▶ Data block:

● ● ●

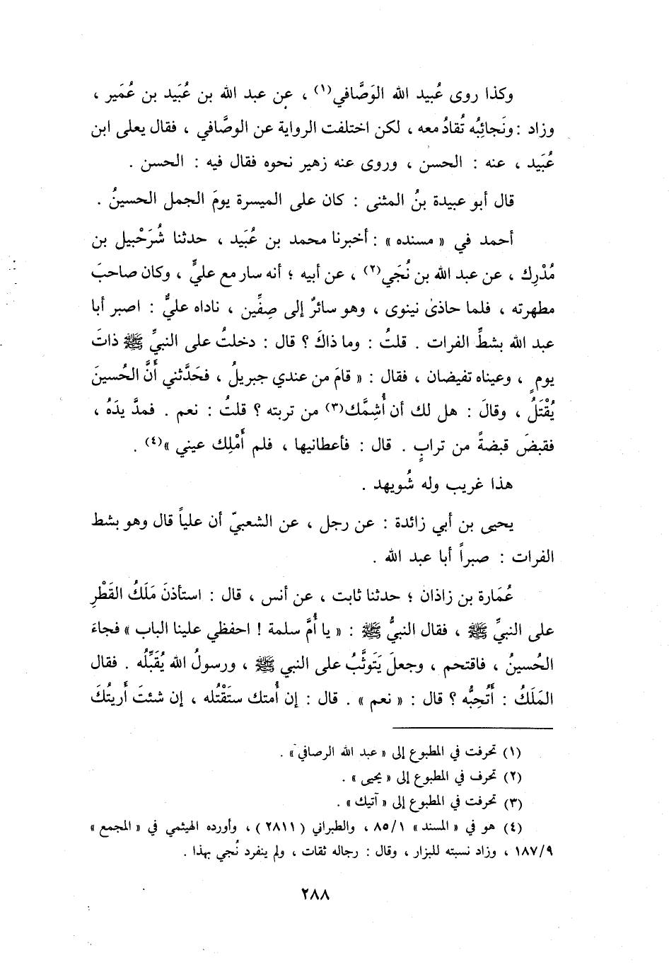قَالَ: دَخَلْتُ عَلَى النَّبِيِّ - صَلَّى اللَّهُ عَلَيْهِ وَسَلَّمَ - ذَاتَ يَوْمٍ، وَعَيْنَاهُ تَفِيضَانِ، فَقَالَ: (قَامَ مِنْ عِنْدِي جِبْرِيْلُ، فَحَدَّثَنِي أَنَّ الحُسَيْنَ يُقْتَلُ، وَقَالَ: هَلْ لَكَ أَنْ أُشِمَّكَ (3) مِنْ تُرْبتِه؟
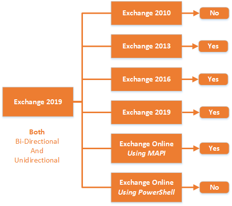 The current release of Migrator Pro for Exchange supports mailbox migration for these source/target scenarios:
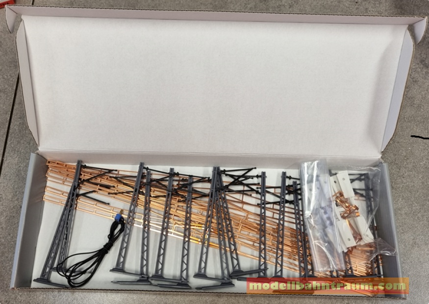 Inhalt: 15 Masten Nr. 650, 1 Anschlussmast Nr. 651, 14 Fahrdrähte Nr. 652, 19 Verbindungsstücke Nr. 653, 2 Ausgleichsstücke Nr. 656, 2 Weichen Nr. 658
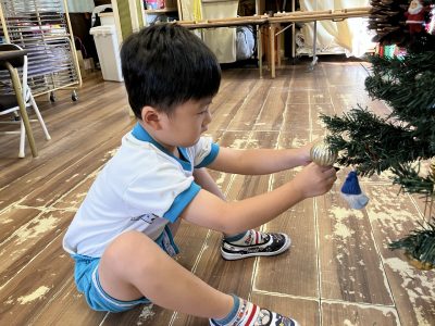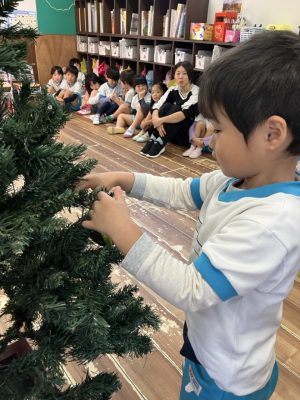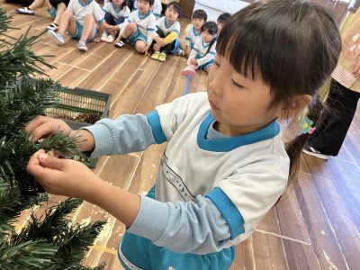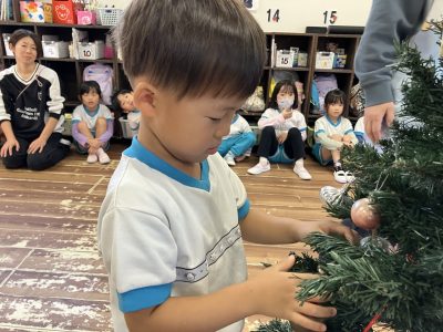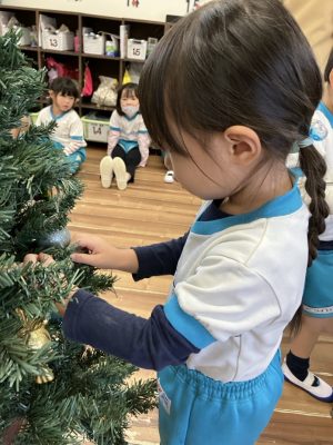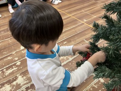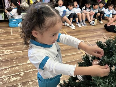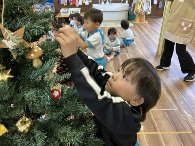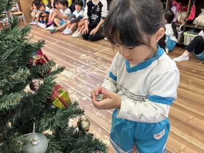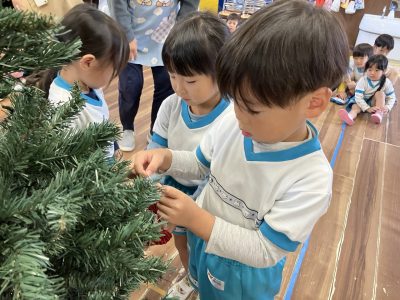 みんなで飾りつけをしたので、ツリーはとっても華やかになりました!

● ● ●

▶ Task description:
Exclude images. Return the data above verbatim.

▶ Completed exercise:
قَالَ: دَخَلْتُ عَلَى النَّبِيِّ - صَلَّى اللَّهُ عَلَيْهِ وَسَلَّمَ - ذَاتَ يَوْمٍ، وَعَيْنَاهُ تَفِيضَانِ، فَقَالَ: (قَامَ مِنْ عِنْدِي جِبْرِيْلُ، فَحَدَّثَنِي أَنَّ الحُسَيْنَ يُقْتَلُ، وَقَالَ: هَلْ لَكَ أَنْ أُشِمَّكَ (3) مِنْ تُرْبتِه؟
 The current release of Migrator Pro for Exchange supports mailbox migration for these source/target scenarios:
 Inhalt: 15 Masten Nr. 650, 1 Anschlussmast Nr. 651, 14 Fahrdrähte Nr. 652, 19 Verbindungsstücke Nr. 653, 2 Ausgleichsstücke Nr. 656, 2 Weichen Nr. 658
 みんなで飾りつけをしたので、ツリーはとっても華やかになりました!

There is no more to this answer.